[Records excerpted from a collection]

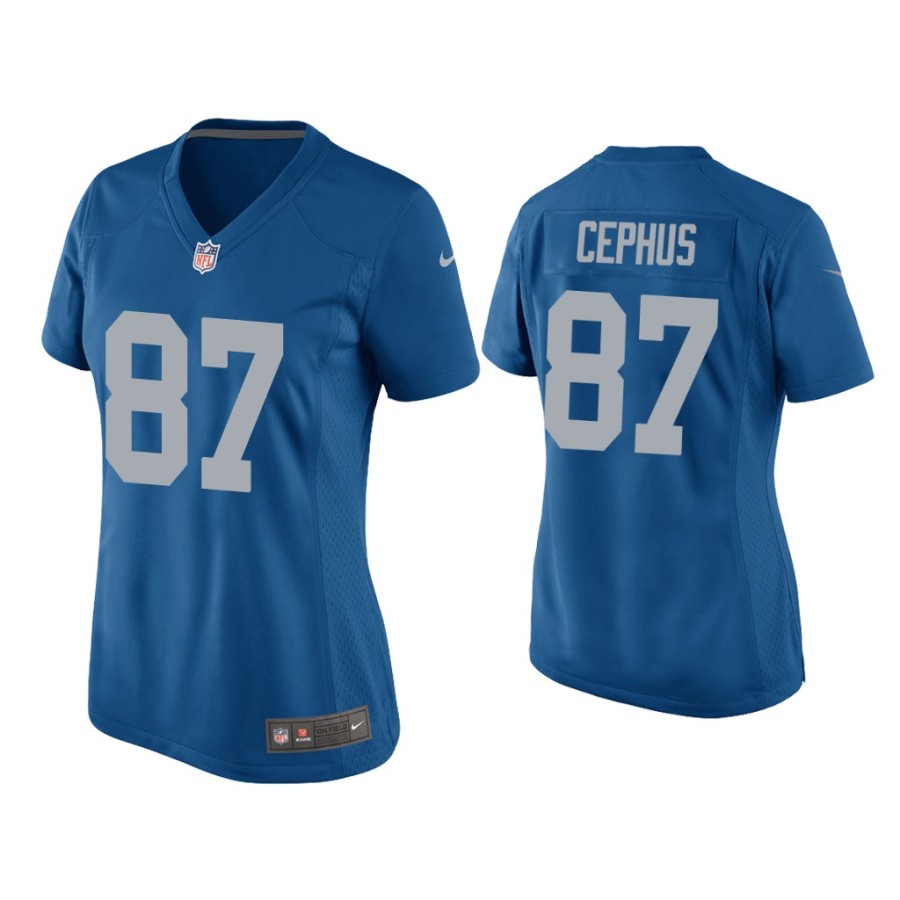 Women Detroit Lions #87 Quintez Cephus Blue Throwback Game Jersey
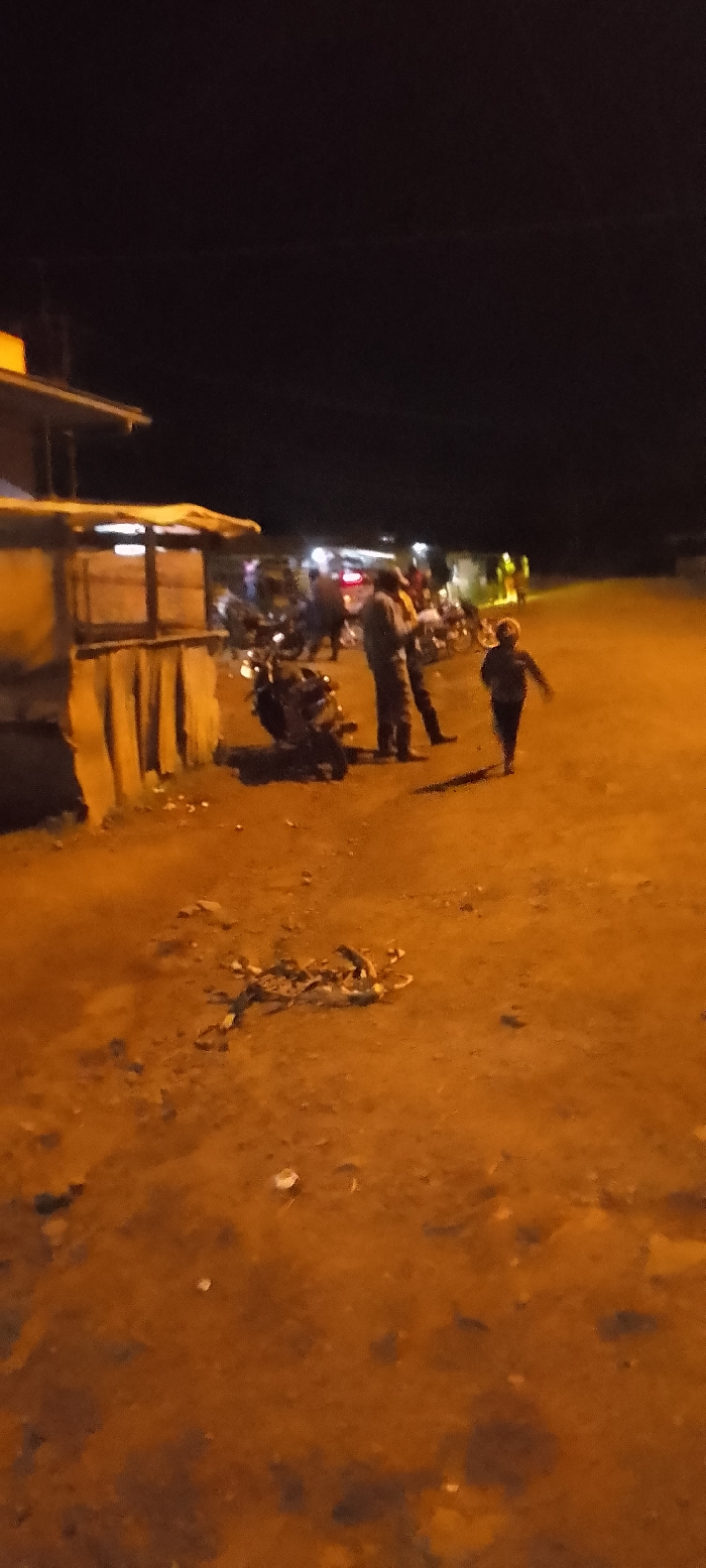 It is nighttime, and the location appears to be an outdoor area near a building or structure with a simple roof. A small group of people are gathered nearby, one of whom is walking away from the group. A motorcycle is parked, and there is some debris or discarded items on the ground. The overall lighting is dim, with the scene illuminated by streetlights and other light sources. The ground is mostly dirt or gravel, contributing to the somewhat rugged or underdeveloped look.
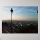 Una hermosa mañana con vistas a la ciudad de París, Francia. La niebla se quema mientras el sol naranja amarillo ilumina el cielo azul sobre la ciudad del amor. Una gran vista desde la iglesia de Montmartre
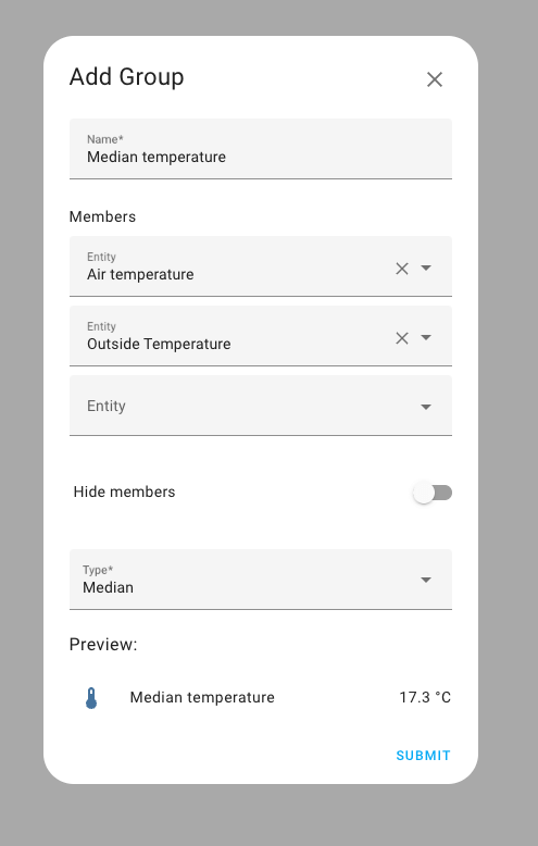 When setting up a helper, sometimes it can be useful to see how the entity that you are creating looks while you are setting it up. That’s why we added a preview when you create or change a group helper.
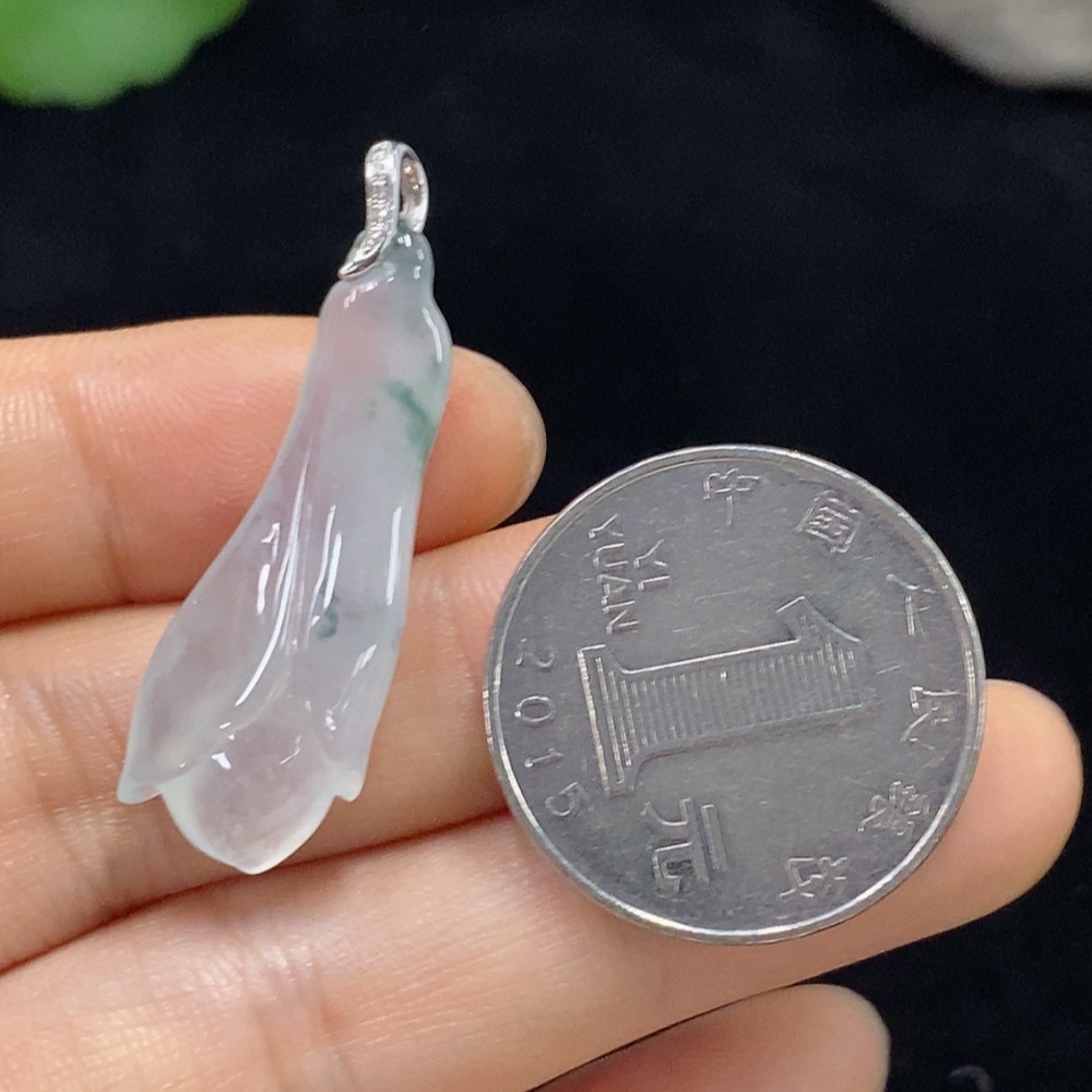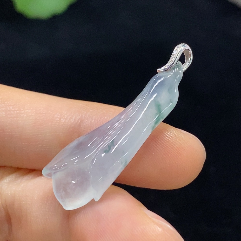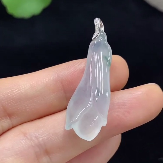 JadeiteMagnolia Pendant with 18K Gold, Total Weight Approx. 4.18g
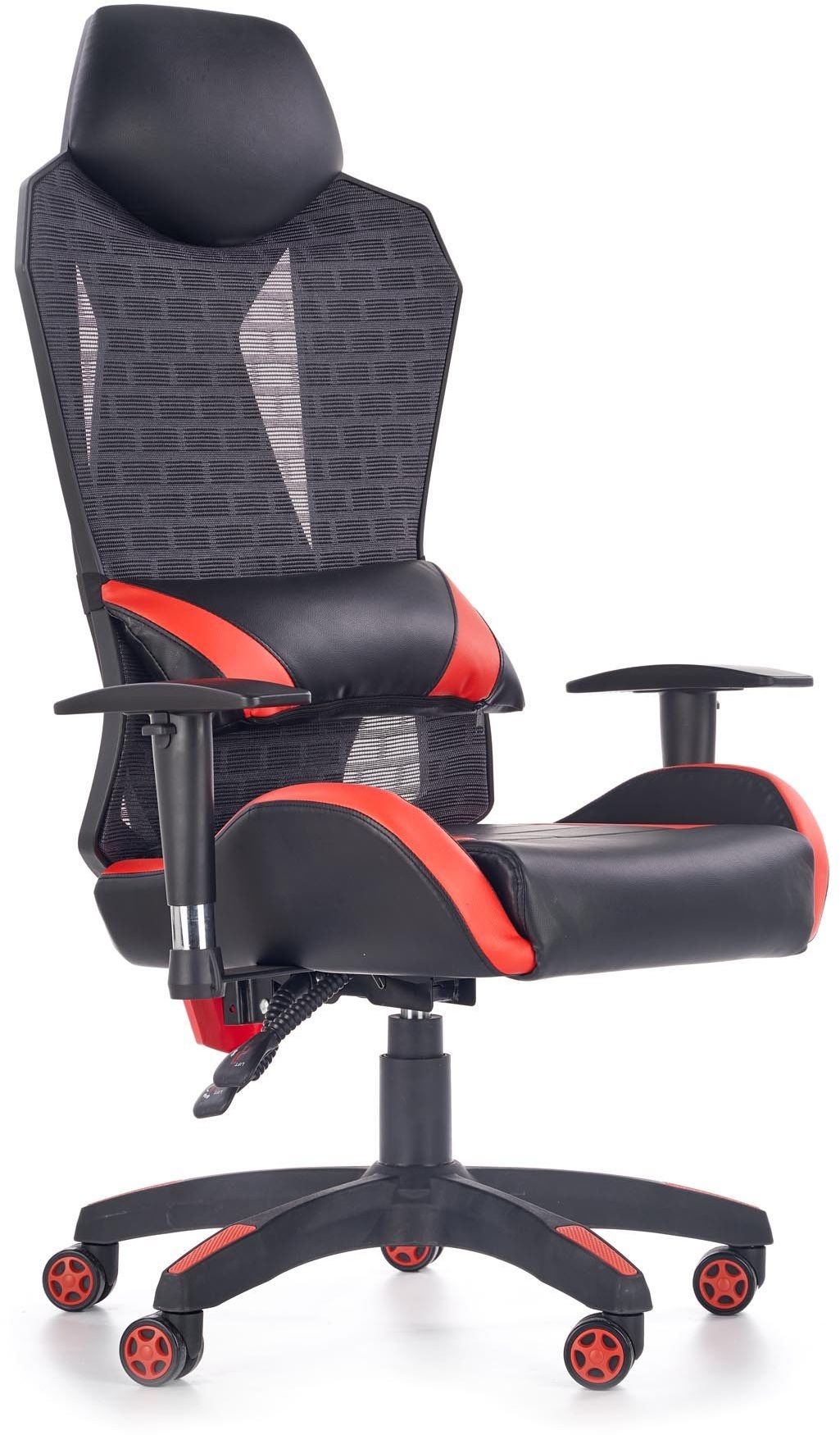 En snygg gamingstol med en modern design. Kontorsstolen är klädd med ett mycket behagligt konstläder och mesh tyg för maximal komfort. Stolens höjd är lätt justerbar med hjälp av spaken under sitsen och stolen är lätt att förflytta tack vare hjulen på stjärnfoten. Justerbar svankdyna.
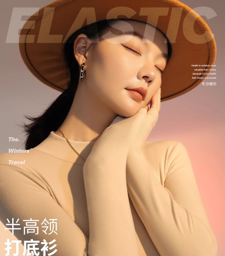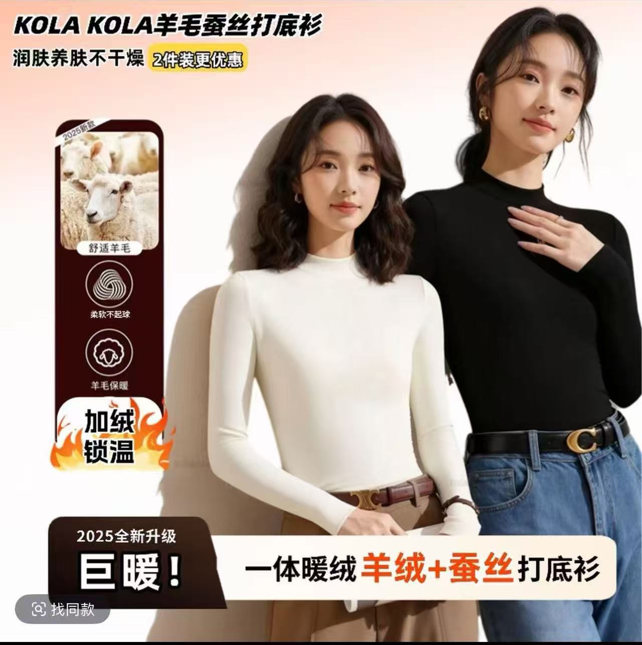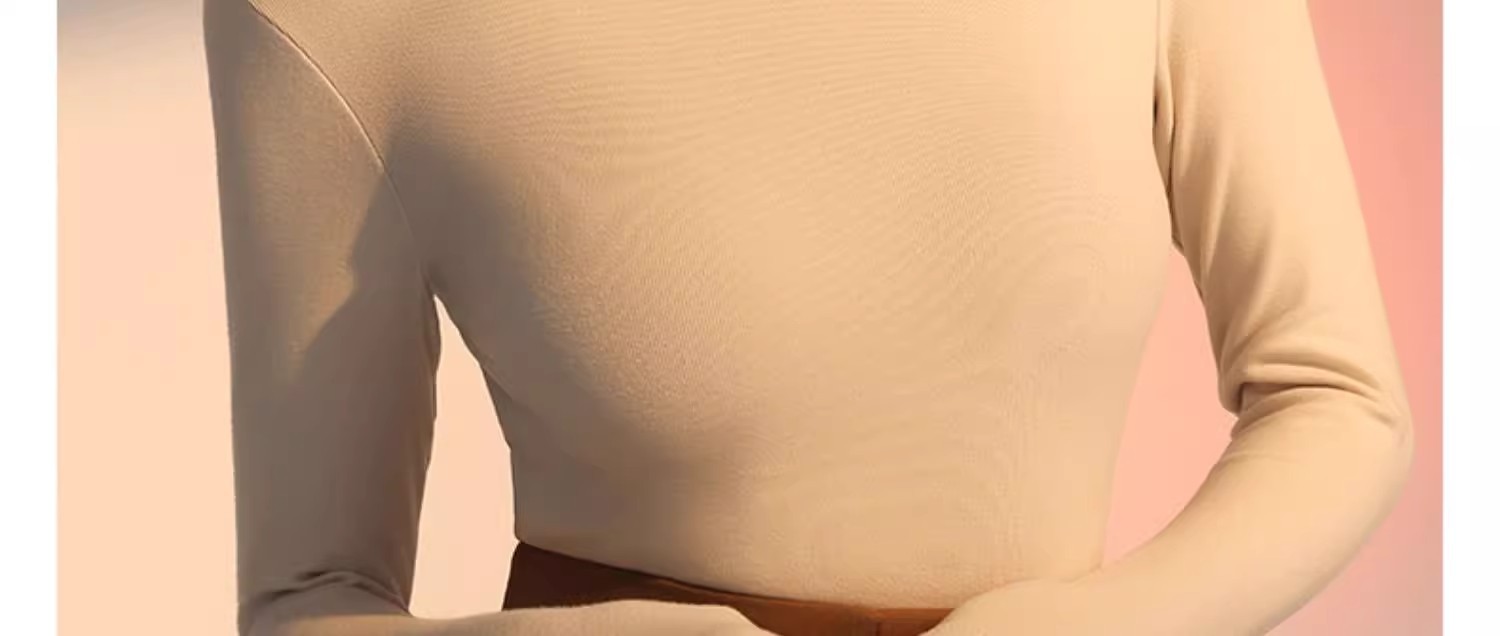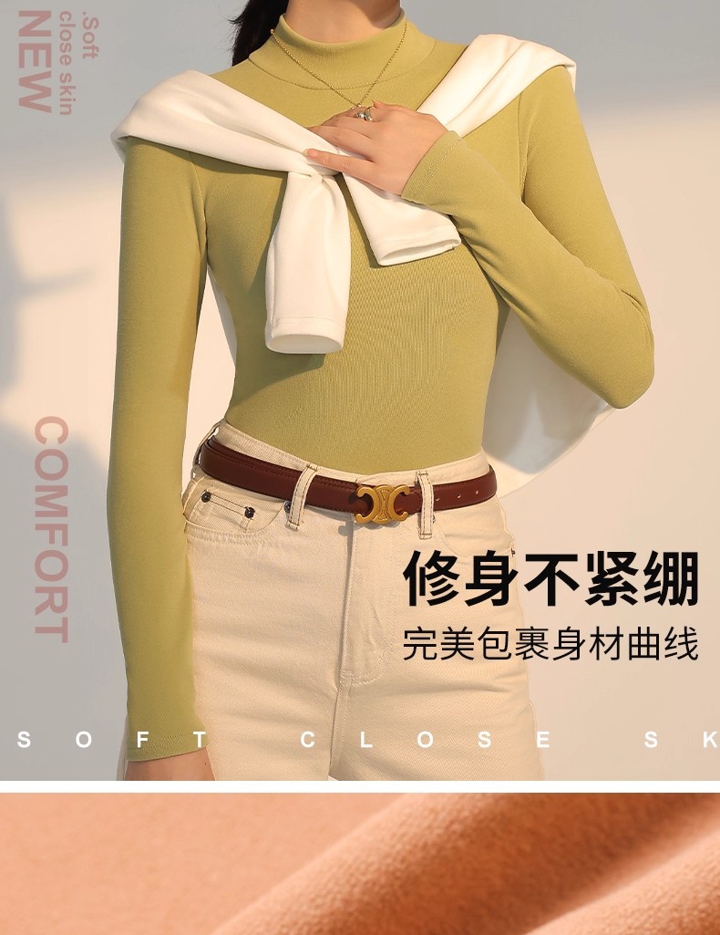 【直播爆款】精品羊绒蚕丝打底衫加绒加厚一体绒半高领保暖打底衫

- _PROBLEM DETAILS_
Take the lines from the one holding "JadeiteMagnolia Pendant with" through the last line of the data above and copy them exactly, both ends included, omitting all pictures.

- _ANSWER BOX_
 JadeiteMagnolia Pendant with 18K Gold, Total Weight Approx. 4.18g
 En snygg gamingstol med en modern design. Kontorsstolen är klädd med ett mycket behagligt konstläder och mesh tyg för maximal komfort. Stolens höjd är lätt justerbar med hjälp av spaken under sitsen och stolen är lätt att förflytta tack vare hjulen på stjärnfoten. Justerbar svankdyna.
 【直播爆款】精品羊绒蚕丝打底衫加绒加厚一体绒半高领保暖打底衫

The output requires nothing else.